The 9 watt units are OK at about 1/4 to 1/3 of a meter high with a spread of about 1/3 of a meter.
A 36 watt SW (UV C) lamp fixture will light a standard case that is 2' tall x 2' deep x 4' wide, BUT the minerals at both end of the case will not be lit well so you would need specimens that fluoresce brightly at the ends. According to Philps a 36 watt tube/bulb emits 12 watts of UV C
A 60 watt SW lamp fixture will light a standard (2'x2'x4') case fairly well and will reach out to the ends, but it will not be bright if you raise the lamp much higher than a standard 2' tall case. A 60 watt bulb emits 18 watts of UV C.
A 95 watt SW will do a good job in a 5 foot tall case if the specimens at the bottom fluoresce well.
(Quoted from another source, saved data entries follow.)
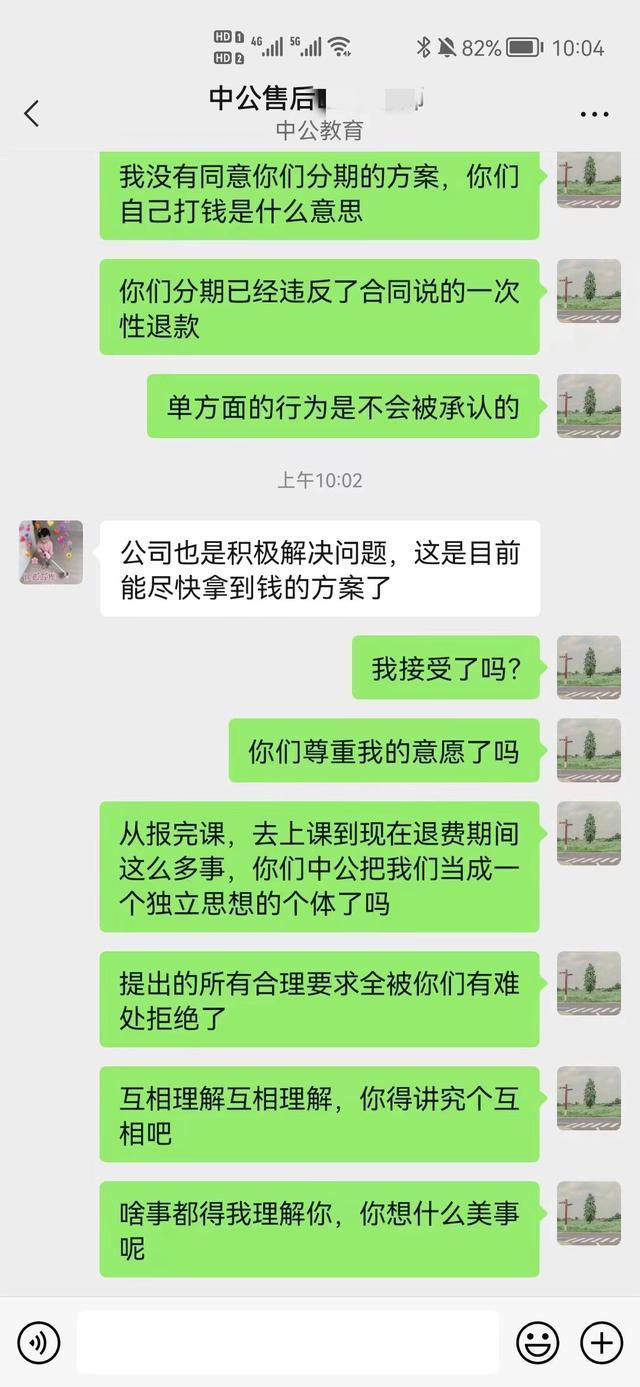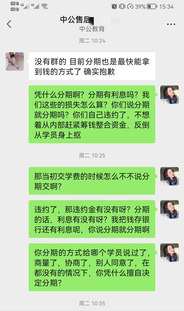 有学员表示,疫情严峻,如果真的经济困难,我们也不是不能理解,但中公教育的实际做法确实让人愤恨,一拖再拖,学员不问就不提,再问依旧推脱,实在扛不住了,一句没钱便想相安无事。甚至死猪不怕开水烫的随意学员举报、投诉。最后实在没办法,出台一个分期退费的单项规定,对自己违约失信及分期退款的费用只字不提。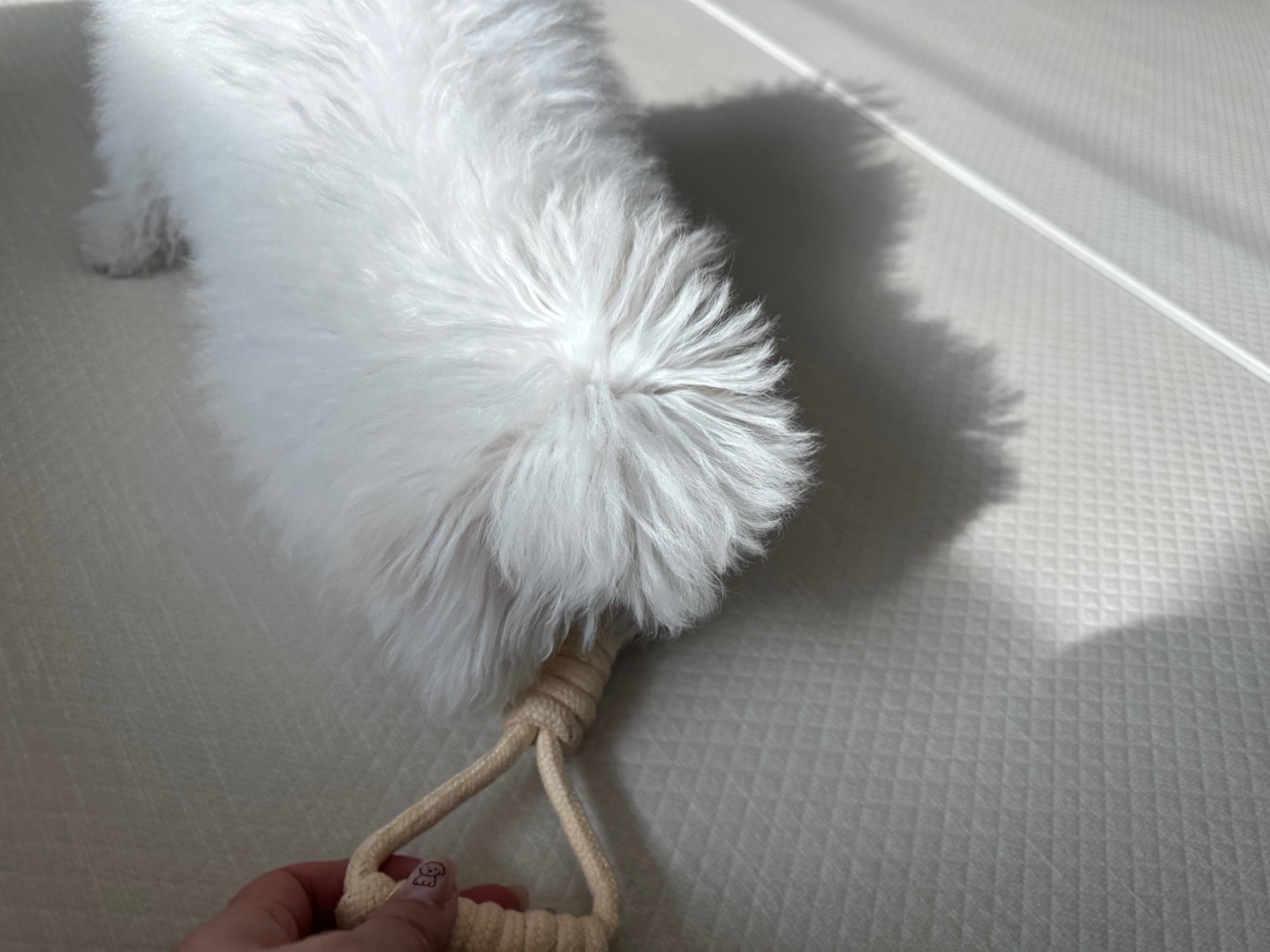 - 강아지 터그놀이: 보호자와 끈이나 로프 등을 가지고 서로 당기고 버티는 놀이입니다.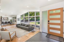 -Grand living space with mid-century charm, vaulted ceiling, and abundant natural light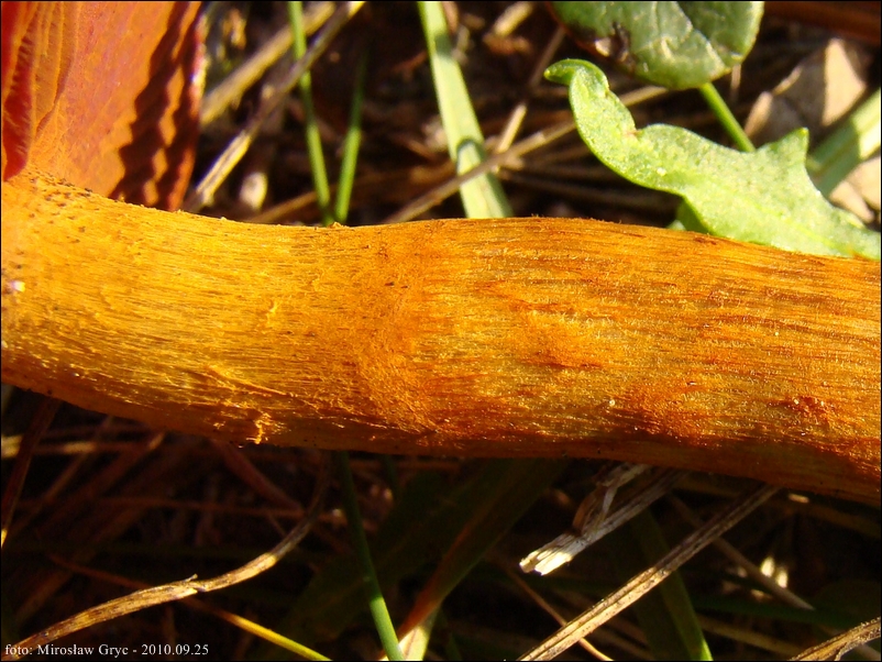Trzon: przeważnie długi, cienki i łamliwy; powierzchnia podłużnie włókienkowana, chromowożółta, pigwowożółta lub barwy mosiądzu; podstawa dość często zabarwiona na czerwono.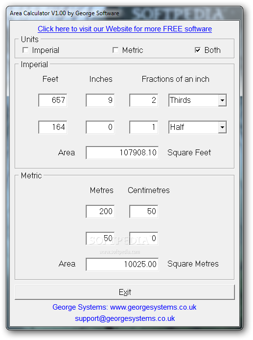 Area Calculator is a free software by Georgesystems and works on Windows 10, Windows 8.1, Windows 8, Windows 7, Windows 2012.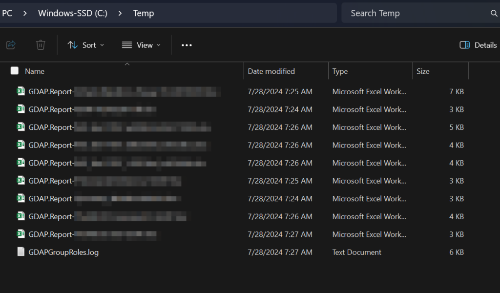 - The spreadsheet is exported to c:\temp with the name pre-fix “GDAP.Report-” followed by the admin relationship name.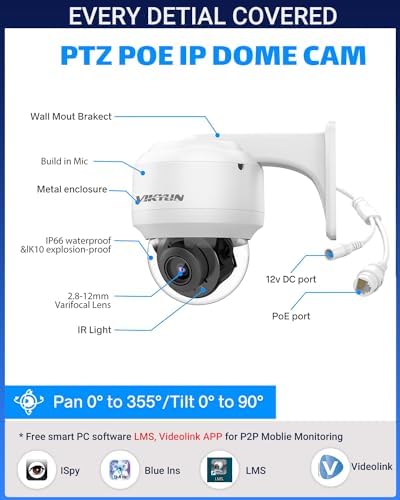 Be the first to review “VIKYLIN 5MP Outdoor PTZ PoE IP Camera with Mic/Audio,Security Pan Tilt 4X Optical Zoom/2.8~12mm Lens,Human/Vehicle Detection,132ft IR Night Vision,IP66 Detection”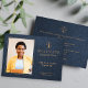 Modern elegant luxury navy blue leather look and gold law school graduation announcement card template with your custom photo and text. ++++++++++ Easy to personalize on both sides!

A 95 watt bulb emits 32 watts of UV C. We can also make a unit with a 95 watt SW and a 65 watt (or a 60 watt) LW bulb.
A 120 watt SW unit has two 60 watt bulbs so it emits 36 watts of UV — a bit more than a 95 watt unit.
A 190 watt SW unit has two 95 watt bulbs so it emits 64 watts of UV C. The Franklin Mineral Museum in New Jersey recently revamped their 28' long display with 8 of the 190 watt SW units.
As for dual units, to my eye, a unit with 36 watt SW and 36 watt LW always seemed a little miss-matched on response in a group of mixed SW and LW fluorescent minerals. The LW minerals seem brighter to me than the SW minerals - yes, the LW minerals. To my eye, the 60 watt SW/ 36 watt LW combination gives a very good blend of SW and LW. I think the answer lies with the filter glass. The best SW filter glass available is made by Hoya of Japan. However, transmitting SW UV is not easy. Hoya glass will transmit about 64% of the SW UV when the glass is new.
As the Hoya glass is exposed to UV C radiation for long periods of time, the UV transmission decreases until it eventually needs to be replaced. The LW glass on the other hand passes about 85% of the LW UV and never wears out. Now let's look at some realistic numbers. According to Philips, a 36 watt LW tube emits a total of 9 watts of UV A and a 36 watt SW tube emits a total of 12 watts of UV C. Not all of the total UV energy will be directed out through the filter glass, but we can use the numbers that Philips provides for a relative comparison value because the two lamp fixtures are of the same design. If you crunch the numbers, 64% of 12 watts (for the UV C tube and filter combination) is almost exactly the same as 80% of 9 watts (for the UV A tube and filter combination). They both end up with about 7 watts of UV available.